You can always try the manual method using fastboot/ODIN to flash a custom recovery,eg, CWM, TWRP and then flash a SuperSU zip from that custom recovery. Note that this will void Knox warranty by tripping its counter.

Or you could try Kingroot. I hear it's good upto 5.0 .

I am quoting from this XDA forums post here, just in case the method needed to be cleared up:

  1. Disable security policy updates (security) and automatic updates (about) in the settings. This is just in case. Updates might remove your root.

  2. Download tr.apk from towelroot.com by clicking the icon. Please note that Avast AV might flag it up, which you can then disable and re-download the file. Use at your own risk. You shouldn't have any problems...

  3. Enable Unknown Sources (Settings → Security), copy the apk to your sdcard and install it.

  4. Run it. It might take a little while.

  5. Install SuperSU from the market.

  6. Run SuperSU and let it install the su binaries.

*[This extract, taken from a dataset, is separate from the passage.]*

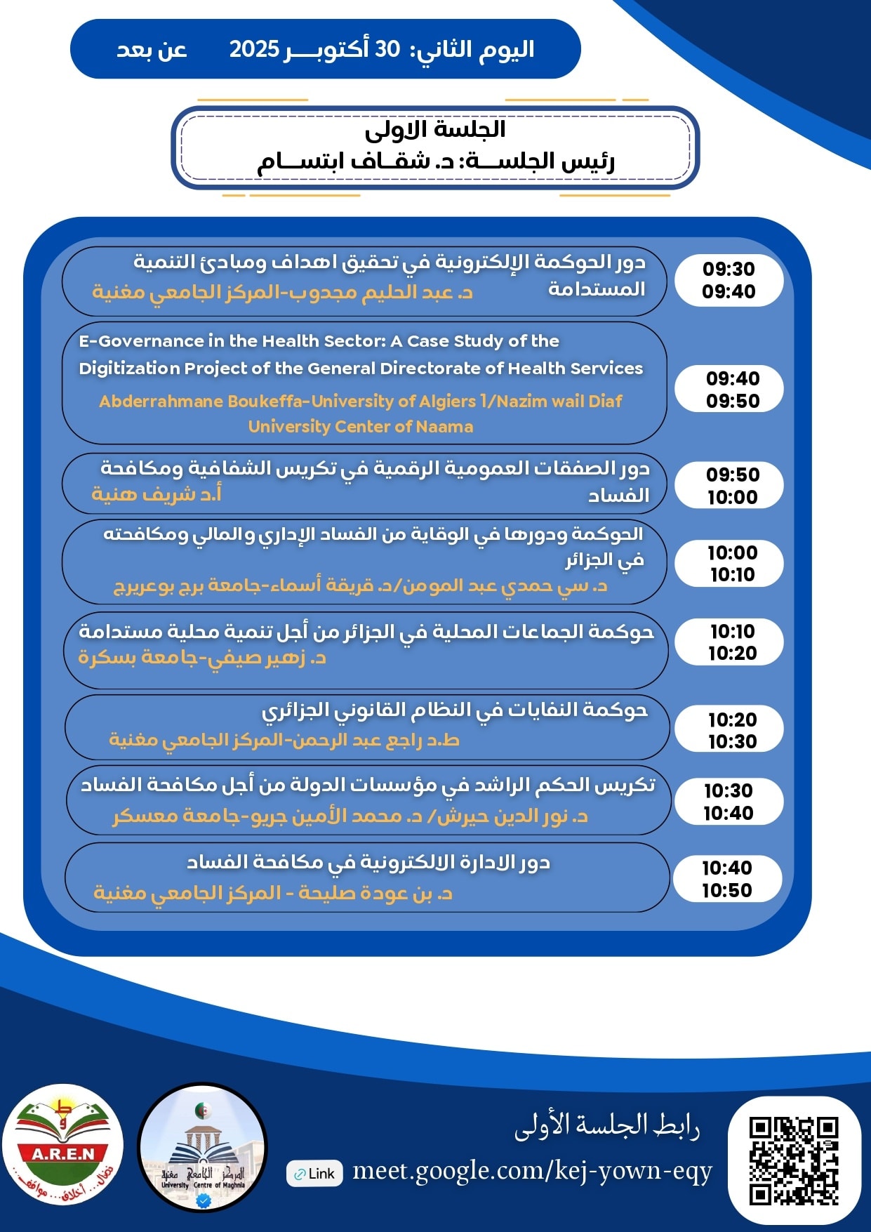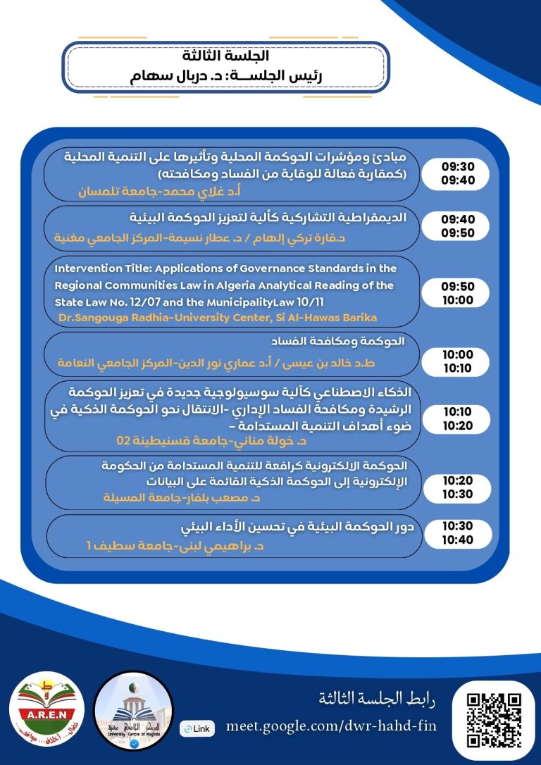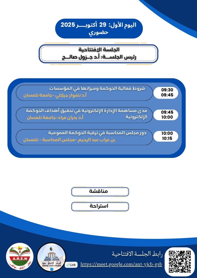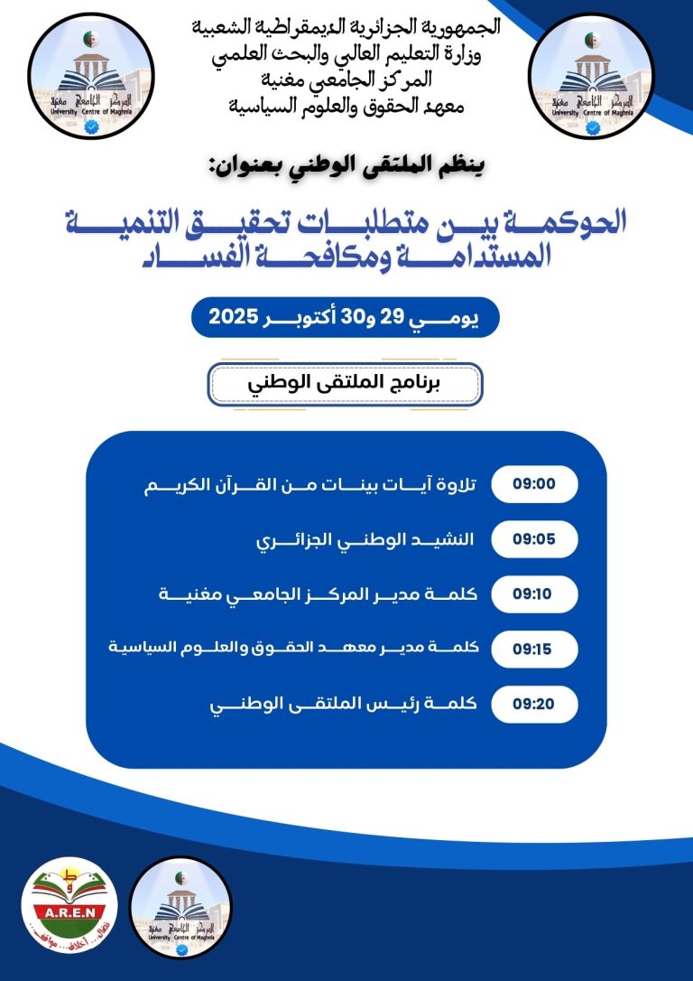 نظم معهد الحقوق والعلوم السياسية المركز الجامعي مغنية University Centre of Maghnia اليوم الأربعاء الموافق 29 أكتوبر 2025 فعاليات الملتقى الوطني “الحوكمة بين متطلبات تحقيق التنمية المستدامة ومكافحة الفساد”، برئاسة الدكتور بوزيدي خالد، وتحت إشراف البروفيسور قادري رياض مدير المركز الجامعي مغنية، وذلك بحضور ممثلين عن السلطات الأمنية وقطاع الجمارك، إضافة إلى حضور رئيس مجلس المحاسبة الغرفة الجهوية تلمسان، وأساتذة وباحثين من جامعة تلمسان والشلف، وفاعلين من قطاع وزارة المالية والجامعات المحلية، وبحضور ومشاركة أساتذة معهد الحقوق والعلوم السياسية، ومعهد العلوم الإقتصادية والتجارية وعلوم التسيير.
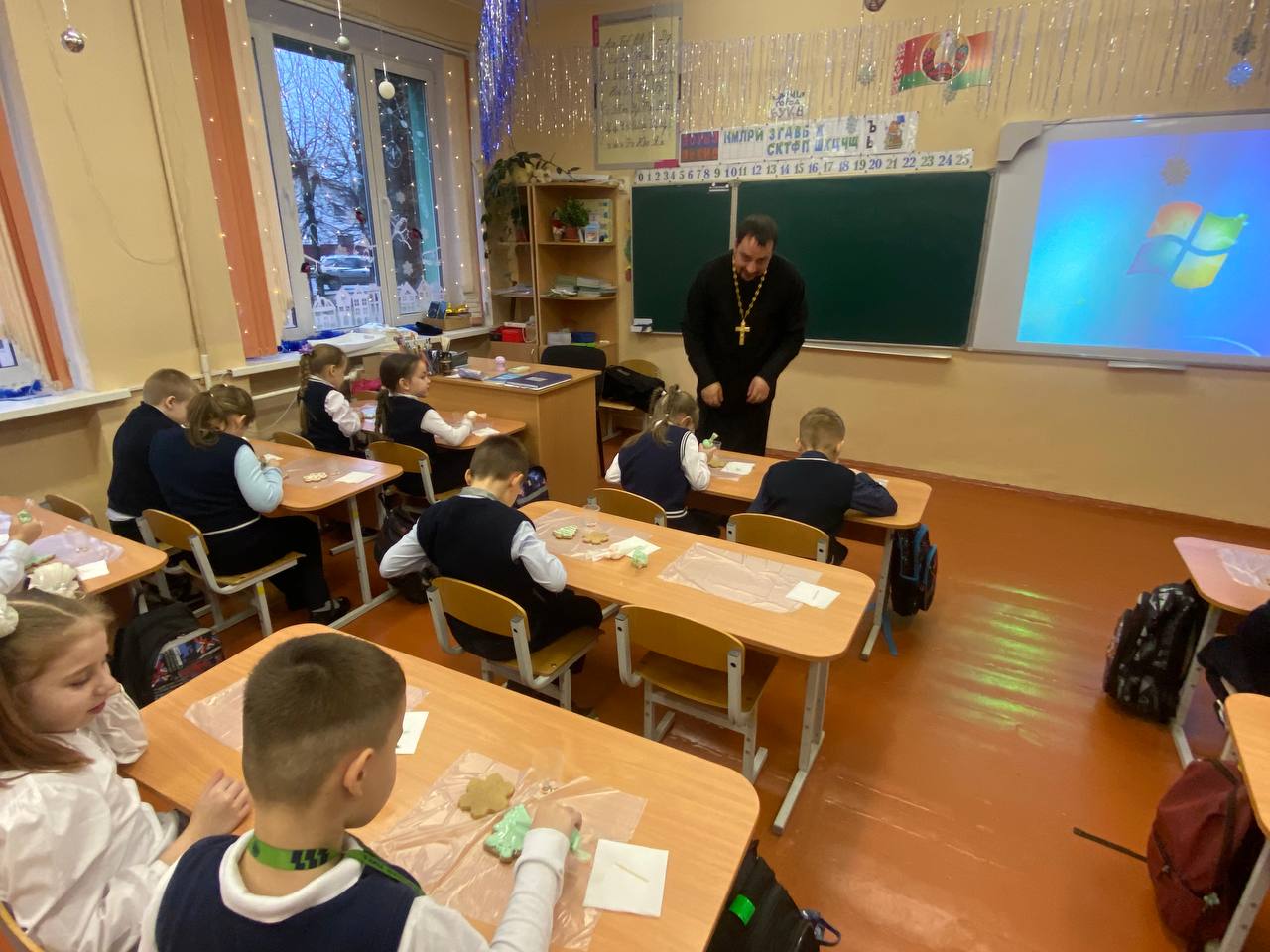В средней школе №3 города Сморгони в рамках акции «Наши дети» священнослужитель храма Преображения Господня провёл самый уютный и вкусный мастер-класс по росписи имбирных пряников.

  7. Depending on what you want root for, you may wish to disable Knox using SuperSU. When you attempt to let it disable Knox, it might fail. As it instructs, reboot and run it again.

Now install root checker and titanium backup and have a play. Root will probably work. Reboot and check download mode, Knox counter : 0x0 root is still there after reboot. All done! Make sure you have read and understand the notes before you go off using root.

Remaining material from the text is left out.